Extraction (3NF): CSVs in extraction-pipeline representing separate entities and relationships:

  • Suggested tables (names are up to you, but structure matters):

    • Dimensions: dim_rocket (rocket_id, name, type, …), dim_launchpad (launchpad_id, name, region, …), dim_payload (payload_id, type, mass_kg, orbit, …)
    • Fact: fact_launch (launch_id, date_utc, rocket_id, launchpad_id, success, …)
    • Bridge (relating launches and payloads): bridge_launch_payload (launch_id, payload_id)

Transformation: A single tidy CSV in transformation-pipeline (e.g., aggregated_metrics.csv) containing multiple aggregations with columns like: - metric (str) | dimension (str) | dim_value (str/int) | value (numeric)

Visualization:

  • Three distinct matplotlib charts produced only from the aggregated CSV (no direct API calls here).

SpaceX → 3NF Modeling (what to figure out)

Identify entities (rockets, launchpads, payloads) and a fact (launches).

Determine primary keys and foreign keys:

  • SpaceX IDs are strings — keep them as your PKs/FKs.

Handle the many‑to‑many between launches and payloads with a bridge table.

Parse timestamps consistently (store ISO in extract; convert to datetime in transform).

Avoid duplicated PKs in any dimension/fact table.

Acceptance checks (Extraction):

  • CSVs exist in extraction-pipeline.

  • Each table has a clear key and no duplicate primary keys.

  • Foreign keys match referenced primary keys (by dtype and values) where applicable.

Transformations (what trends to compute)

Compute at least three meaningful metrics. Examples that fit SpaceX data:

  1. Launches per year (count of launches grouped by launch year)

  2. Success rate by rocket (mean of success grouped by rocket name)
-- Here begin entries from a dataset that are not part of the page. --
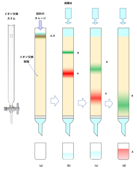 前回(2025-10-19)はバッチ法を用いてイオン交換分離を行う方法について述べました。今回は、カラム法によるイオン交換分離について述べます。カラム法では、カラムに詰めたイオン交換樹脂の上部に金属イオンを含む試料を注入して吸着させ、さらに溶離液を流すことにより吸着帯を下降させます。このとき、個々の金属イオンのイオン交換樹脂に対する吸着能力(分配係数)の違いにより金属イオン吸着帯の下降の程度が異なり、金属イオンを互いに分離することができます。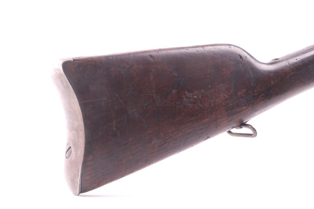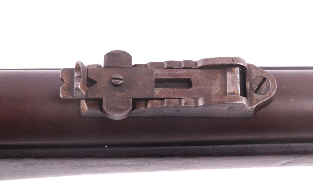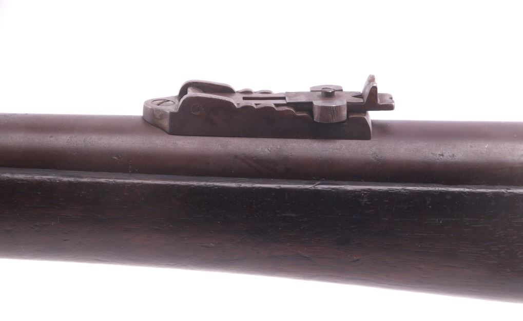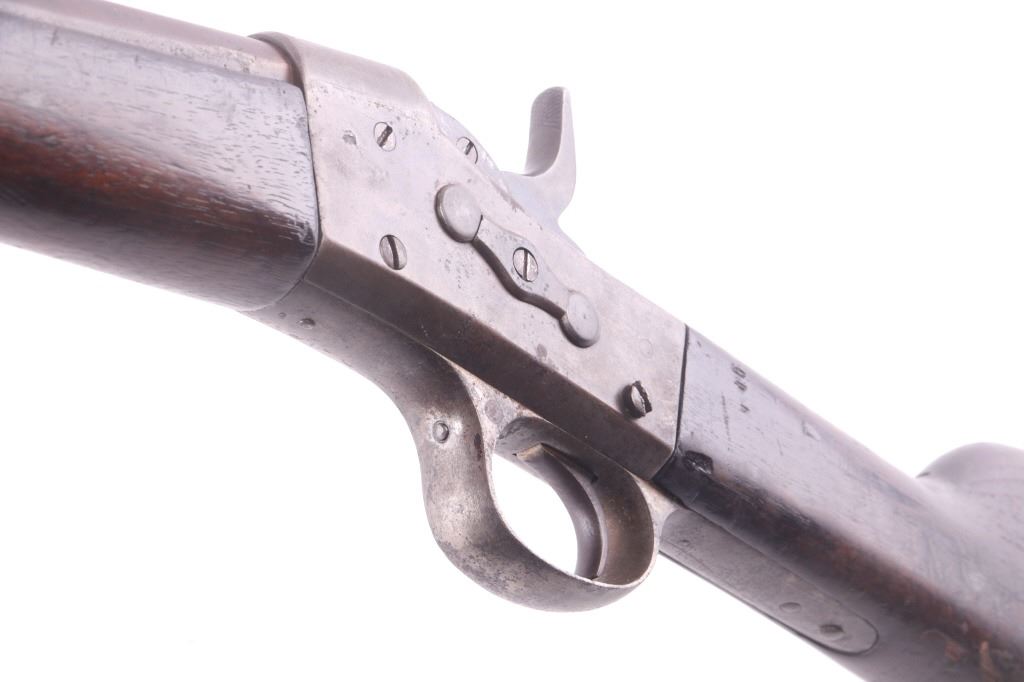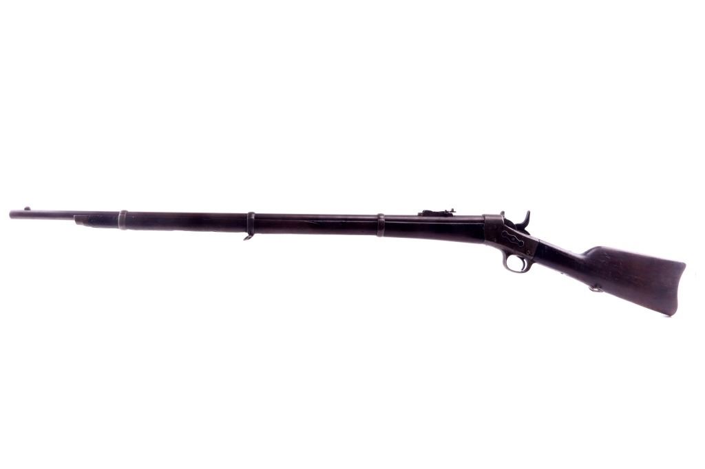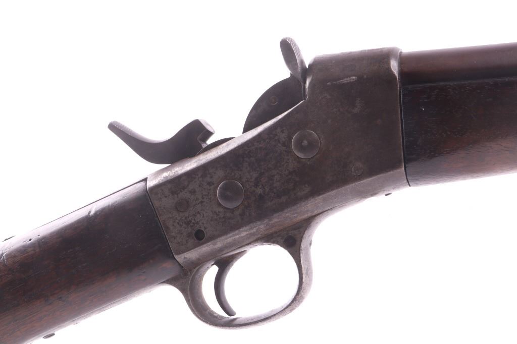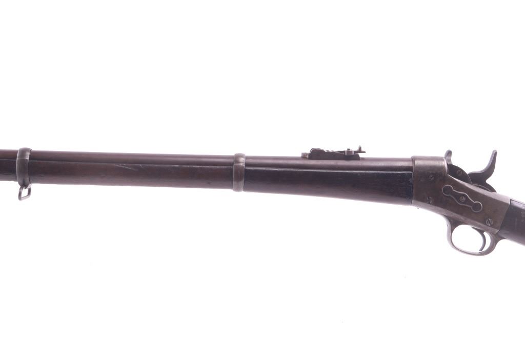 Featured in this lot is a Remington Arms Co rolling block rifle chambered in .45 caliber. The rifle displays a 35" long round barrel, rolling block action, blade front sight, adjustable rear sight, and walnut grip and stock. The rifle is marked on the top of the grip "REMINGTON ILION N.Y. U.S.A. PAT MAY 3D, NOV 15th 1864, APRIL 17th, 1866". The rifle displays light pitting across the barrel and wear on the wood due to age. The action shows good mechanical condition with a tight lock and snappy trigger and is missing its ram rod. Serial Number: NSN. This firearm qualifies as an Antique and does not require FFL Transfer or NICS Background Check.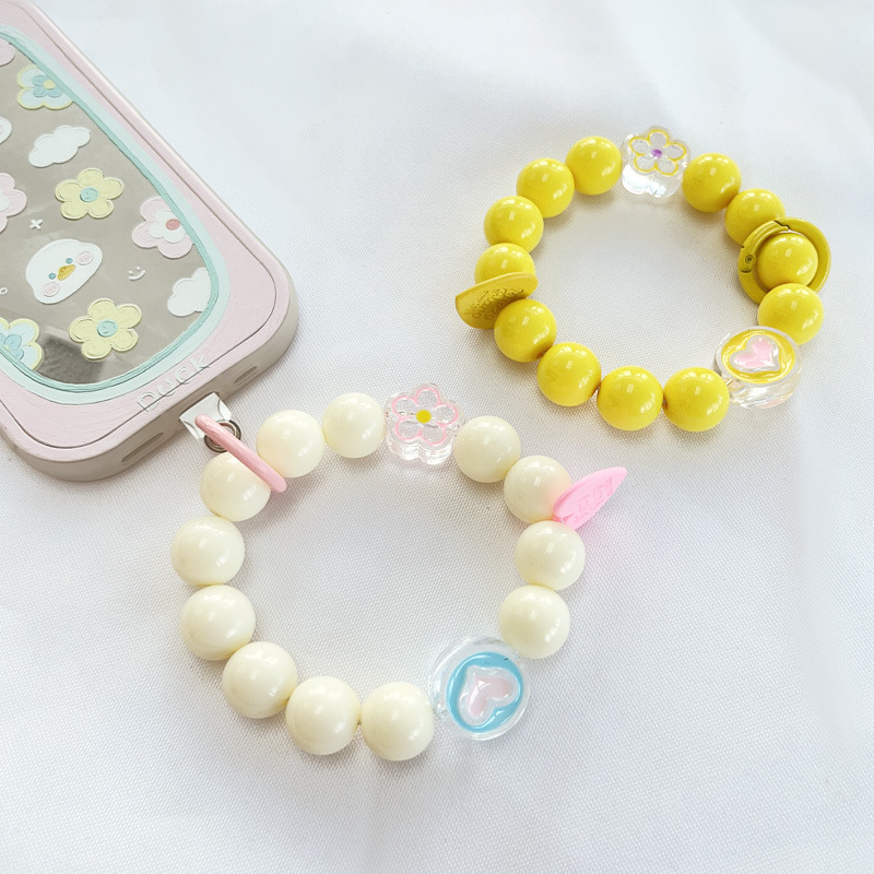 새로운 DIY 아크릴 라운드 비즈 휴대용 체인 페르시 휴대 전화 끈 마카롱 색상 수제 액세서리 키 체인 교수형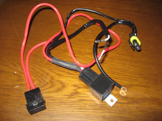 説明書らしい説明書が入っていませんが、リレーハーネスです。赤の丸端子がバッテリー+・黒の丸端子がボディアース・ギボシのついた白/黒はそれぞれロービームのスイッチのケーブルにでも割り込むのとアースでしょうか。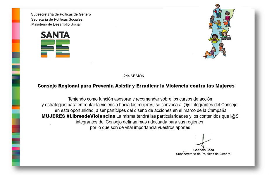 El Intendente del Gobierno de la Ciudad, invita a la comunidad a la 2° Reunión del Consejo Regional para Prevenir, Asistir y Erradicar la Violencia contra las Mujeres. Teniendo como función asesorar y recomendar sobre los cursos de acción y estrategias para enfrentar la violencia hacia las mujeres, se convoca a los integrantes del Consejo, en esta oportunidad, a ser partícipes del diseño de acciones en el marco de la Campaña MUJERES #LibresdeViolencias. La misma tendrá las particularidades y los contenidos que los integrantes del Consejo definan más adecuada para esta región, por lo que son de vital importancia vuestros aportes.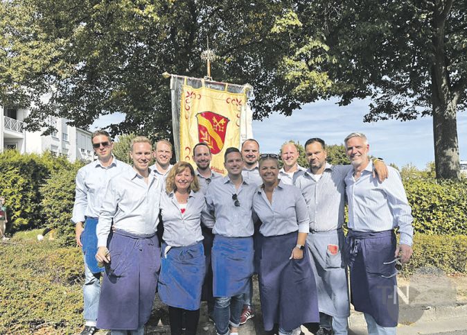 Gut gelaunt und motiviert: Das Kerbteam beim Kerbeumzug, das vom Zeltaufbau am Mittwoch bis zum Zeltabbau am Montag quasi auf dem Festplatz lebt und sich rund um die Uhr um einen reibungslosen Ablauf kümmert.Foto: Aale Eschbächer

  3. Total payload mass per year (sum mass_kg via launch↔payload bridge, grouped by year)

  4. Top‑N launchpads by launches

  5. Average payload mass by orbit

Keep results in one tidy table (metric, dimension, dim_value, value) and save the aggregated data as a CSV file in transformation-pipeline.

Acceptance checks (Transformation):

  • A single aggregated CSV exists and is tidy.

  • Joins across tables are correct; types align (e.g., IDs as strings).

  • Missing values are handled (e.g., mass_kg may be null → treat as 0 or drop, justify your choice).

Visualizations (three charts)

From the aggregated CSV only, create three clear charts, e.g.:

  • Line chart: Launches per Year

  • Bar chart: Success Rate by Rocket (Top‑N)

  • Line (or bar) chart: Total Payload Mass per Year

Chart hygiene:

  • Titles, axis labels, readable ticks (rotate category labels if needed).

  • No advanced styling required — clarity comes first.

Acceptance checks (Visualization):

  • Exactly three charts render when the final cell runs.

  • Plots are derived solely from the aggregated CSV.

Orchestration (Final Cell)

Your last cell should:

  1. Instantiate and run Extractor → writes 3NF CSVs to extraction-pipeline.

  2. Instantiate and run Transformer → writes one aggregated CSV to transformation-pipeline.

  3. Instantiate Visualizer, load the aggregated CSV, render the three charts.

Keep the orchestration short, readable, and reliable on a fresh kernel.

Quality Checklist (Before You Submit)

  • Uses SpaceX v4 API (rockets, launchpads, payloads, launches).

  • 3NF CSVs in extraction-pipeline (dims, fact, bridge) with clear keys.

  • Aggregated single CSV in transformation-pipeline with tidy schema.

  • Three matplotlib charts render from the aggregated CSV.

  • Classes have docstrings and minimal, helpful logging.

  • Handles common failures: HTTP errors (raise_for_status, timeout), date parsing (errors='coerce'), missing numeric values.

  • Notebook runs cleanly top‑to‑bottom on a fresh kernel.

Troubleshooting Tips

HTTP issues: Check status_code; add a small retry/backoff if needed.

IDs/joins: Ensure ID columns are all strings and trimmed; confirm join cardinalities.

Dates: Convert to datetime during transform, then derive year or month.

Empty metrics: Print intermediate DataFrame heads; verify your joins and filters.

Reminder:

You are expected to design the 3NF schema and choose appropriate metrics using SpaceX data. Ask clarifying questions early, but try to reason it out first. Good luck!